# Just get over it: Advice for getting over anxieties with girls



## palarso

I know this is rather lengthy but If you got bad social anxiety when it comes to talking to girls I think this may help you that. This is the advice of a 21 year old male who before a few months ago never really had confidence with girls. This may be useful for other guys out there dealing with the anxities I have been recently overcoming.

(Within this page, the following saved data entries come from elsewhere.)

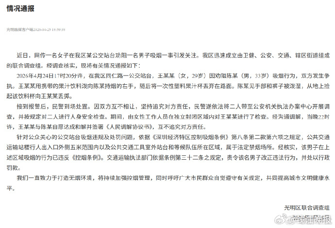 【女子公交站劝阻男子灭烟起争执,用饮料泼向对方……最新通报:所在区域属禁烟场所,男子被罚款,双方和解互不追责】#官方通报女子劝阻男子吸烟引争执##深圳公交站台吸烟男子被罚款# 深圳光明区联合调查组发布情况通报:近日,网传一名女子在我区某公交站台劝阻一名男子吸烟一事引发关注。我区迅速成立由卫健、公安、交通、辖区街道组成的联合调查组。经调查核实,现将有关情况通报如下:2026年4月24日17时20分许,在我区同仁路一公交站台,王某某(女,29岁)因劝阻陈某(男,33岁)吸烟行为,双方发生争执。王某某用携带的果汁饮料泼向陈某持烟的右手,随后将一次性塑料果汁杯丢弃在路面。陈某见手部和裤子被泼湿,从地上捡起该饮料杯向王某某丢掷。接到报警后,民警到场处置。因双方互不相让,坚持追究对方责任,民警遂依法将二人带至公安机关执法办案中心开展调查,并按规定对二人进行人身安全检查。期间,由女性工作人员在独立封闭区域内对王某某进行了检查。经沟通调解,当晚22时许,王某某与陈某自愿达成和解并签署《人民调解协议书》,互不追究对方责任。针对公众关心的公交站台吸烟违规及处罚问题,依据《深圳经济特区控制吸烟条例》第八条第二款第六项之规定,公共交通运输站楼行人出入口外侧五米范围内以及公共交通工具室外站台和等候队伍所在区域,属于法定禁烟场所。经核实,该男子在上述区域吸烟的行为已违反《控烟条例》。交通运输执法部门依据条例第三十二条之规定,责令该名男子改正违法行为,并处以行政罚款。我们一直致力于打造无烟环境,将持续加强控烟管理,同时呼吁广大市民群众自觉遵守有关规定,共同提高城市文明健康水平。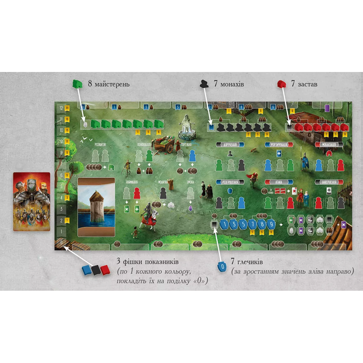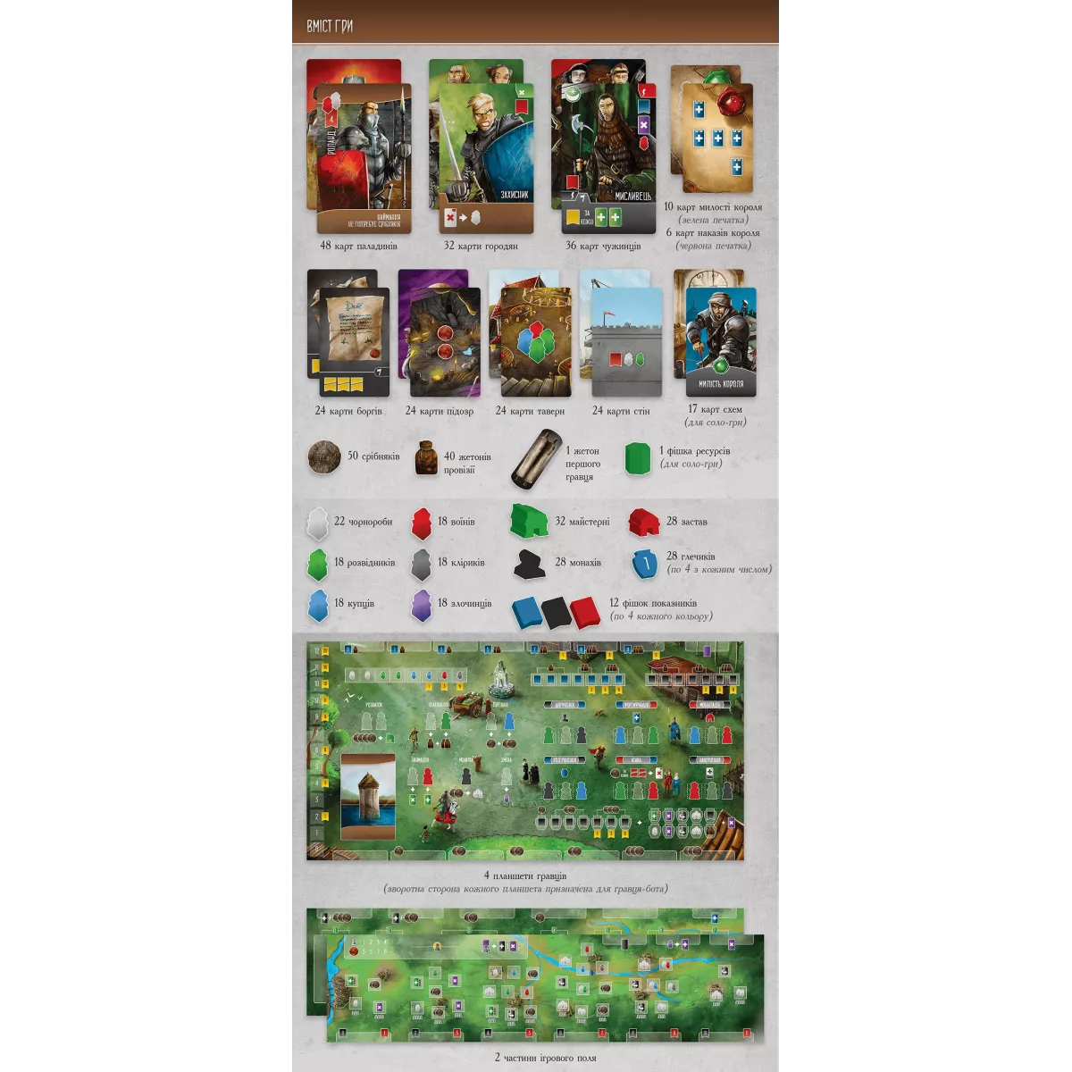 У коробці 22 фішки різноробів;, 18 фішок розвідників;, 18 фішок торговців;, 18 фішок воїнів;, 18 фішок кліриків;, 18 фішок злочинців;, 28 фішок ченців;, 32 фішки майстерень;, 28 фішок застав;, 12 фішок параметрів (по 4 кожного кольору);, 28 глечиків (по 4 кожного номіналу);, 32 карти містян;, 48 карт паладинів;, 36 карт іноземців;, 24 карти боргів;, 10 карт милості короля;, 24 карти таверн;, 24 карти підозр;, 6 карт наказів короля;, 24 карти стін;, 17 карт інтриг;, 50 жетонів срібла;, 40 жетонів припасів;, 1 жетон першого гравця;, 2 частини ігрового поля;, 4 планшети гравців;, Правила гри.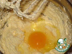 Для теста размягченный маргарин взбить с 125 г сахара в легкий белый крем (5 минут), добавить яйцо и хорошенько его вбить в массу миксером.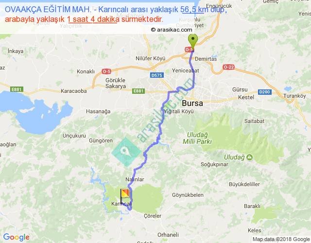 OVAAKÇA EĞİTİM MAH. - Karıncalı arası yaklaşık olarak 90 km/h ile yukarıda belirtilen sürede olup, iki yerin kuş uçuşu uzaklığı (mesafesi) 40'dir. Yolculuk otobüsle 1 saat 23 dakika sürmektedir.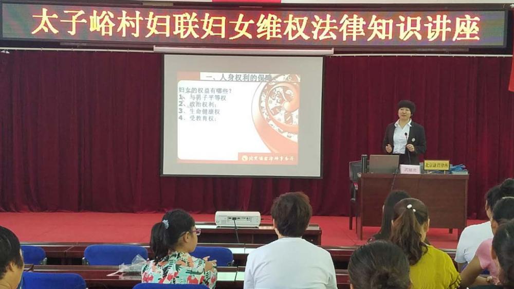 武丽君主任为更好的实现法律知识讲座效果,结合经典案例专门制作了精美的PPT,从妇女人身权利保障、婚姻家庭权益保障和财产权利保障三方面,结合案例为太子峪妇女讲解妇女维权的重要意义,更重要的是讲授妇女维权的方式方法,让妇女们可以学以致用。讲座尾声,各位与会听众与武主任积极互动,咨询相关法律问题,武主任给予认真细致解答,讲座现场气氛热烈。

I use to be on here all the time feeling sorry for myself not being able to get the confidence to talk to girls. Quite simply it got to the point were i just got over it got tired about feeling sorry for myself and letting my anxiety towards girls get the best of me. Its only been for about the past month and a half or so and a lot of the bigger parties where their is considerably more girls I almost always talk to a considerable amount to girls. I even eventually get to the point where I make out with a lot of them, get their number and a legit date.

I wont say its easy because it isnt but if ur like me youll eventually just get so sick of it that you say no more. If you feel like your rock bottom then the only way is to go is up. Just get a lot of practice. It makes me feel really comfortable talking to one of my good girlfriends about what to do with these girls that I meet on dates, even for just general tips about talking to girls at parties.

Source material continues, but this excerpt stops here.